Derivation of the formula for the distribution of $X_t$. The formula $$ P_{X_t } = e^{ - t\nu (\mathbb{R})} \sum\nolimits_{k = 0}^\infty {(k!)^{ - 1} t^k \nu ^k } , $$ where $\nu$ is the L\'evy measure of $X$ and $\nu^k$ is the $k$-fold convolution of $\nu$, is very easy to derive. Indeed, using the notation in the question, the law of total probability gives $$ {\rm P}(X_t \in B) = \sum\limits_{k = 0}^\infty {{\rm P}(X_t \in B|N_t = k){\rm P}(N_t = k)} . $$ Thus, $$ {\rm P}(X_t \in B) = \sum\limits_{k = 0}^\infty {{\rm P}(Y_1 + \cdots + Y_k \in B)\frac{{e^{ - \alpha t} (\alpha t)^k }}{{k!}}} = e^{ - \alpha t} \sum\limits_{k = 0}^\infty {(k!)^{ - 1} t^k \alpha ^k F_Y^k (B) } , $$ where $F_Y^k$ is the $k$-fold convolution of $F_Y$. Now, since the corresponding L\'evy measure $\nu$ is given by $\nu (dx) = \alpha F_Y (dx)$, it holds $\nu(\mathbb{R}) = \alpha$ and $\nu^k = \alpha^k F_Y ^k$, and so the original formula is established.

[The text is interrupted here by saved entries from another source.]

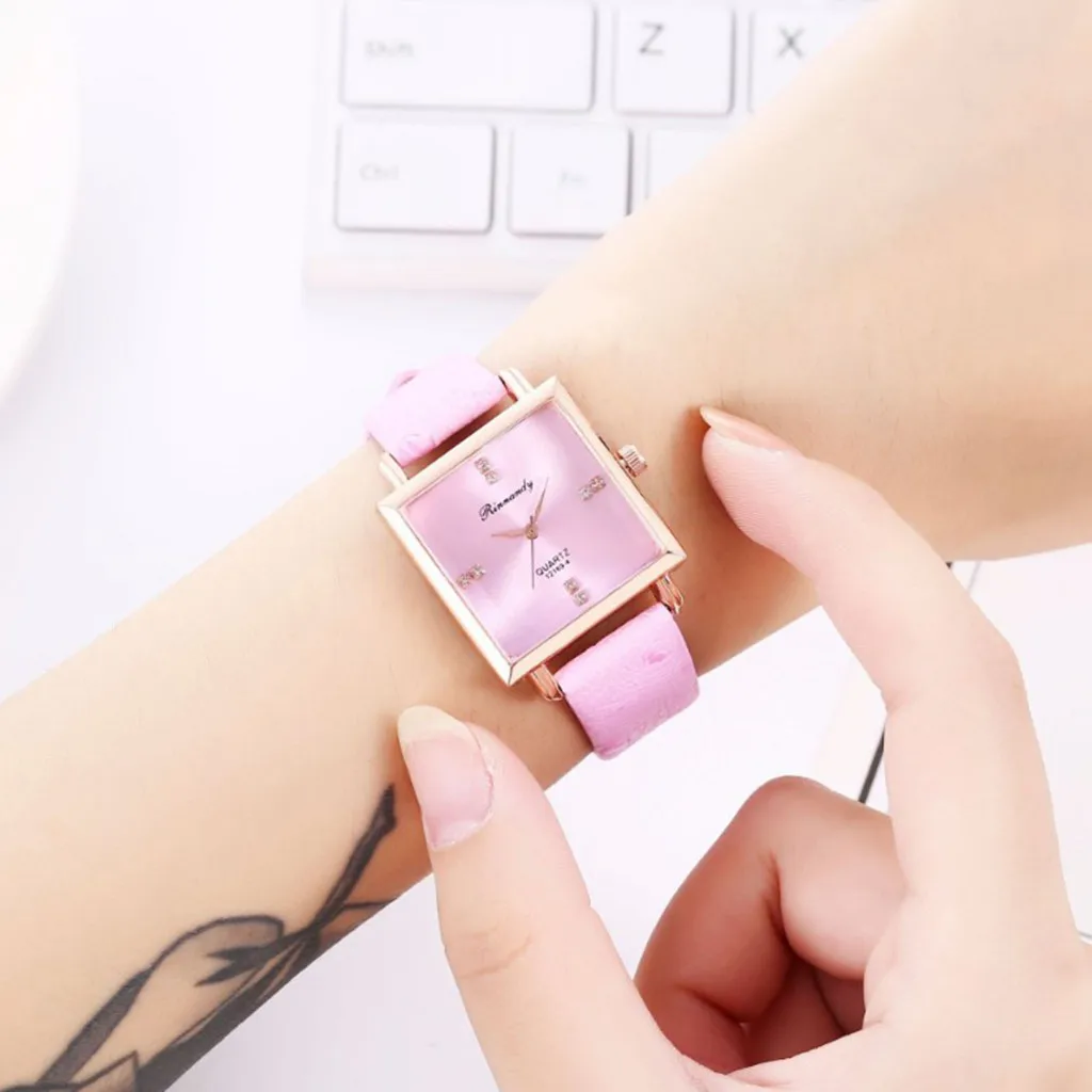 Women's Watch Elegant Khaki Simple Minimalism Quartz Casual Watch Ladies Rhinestone Wristwatch Leather Colck Zegarki Damskie@50
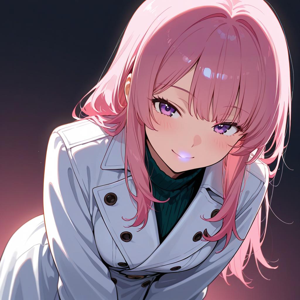 Masterpiece, best quality, 1girl, leaning forward coat pink hair shadow dramatic lighting Georgeana Ireland matrix, smile
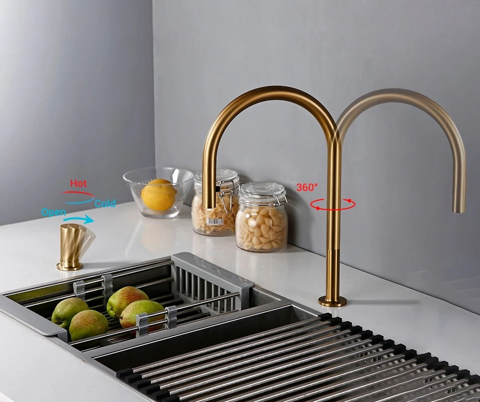 The Kathe Brass Pull Down Hot/Cold Mixer Tap is a versatile addition to any kitchen. With a brass construction, this tap is durable and long-lasting. Its pull-down feature allows for easy cleaning and its hot/cold mixer ensures optimal water temperature for all your kitchen needs. Enjoy convenience and functionality with Donovan.

Remark. As should be clear, the distribution of $X_t$ is very complicated in general.

4

The distribution of $X_t$ is given by $$ P_{X_t } = e^{ - t\nu (\mathbb{R})} \sum\nolimits_{k = 0}^\infty {(k!)^{ - 1} t^k \nu ^k } , $$ where $\nu$ is the L\'evy measure of $X$, and $\nu^k$ is the $k$-fold convolution of $\nu$. This is contained in Remark 27.3 in the book [L\'evy Processes and Infinitely Divisible Distributions], by Sato.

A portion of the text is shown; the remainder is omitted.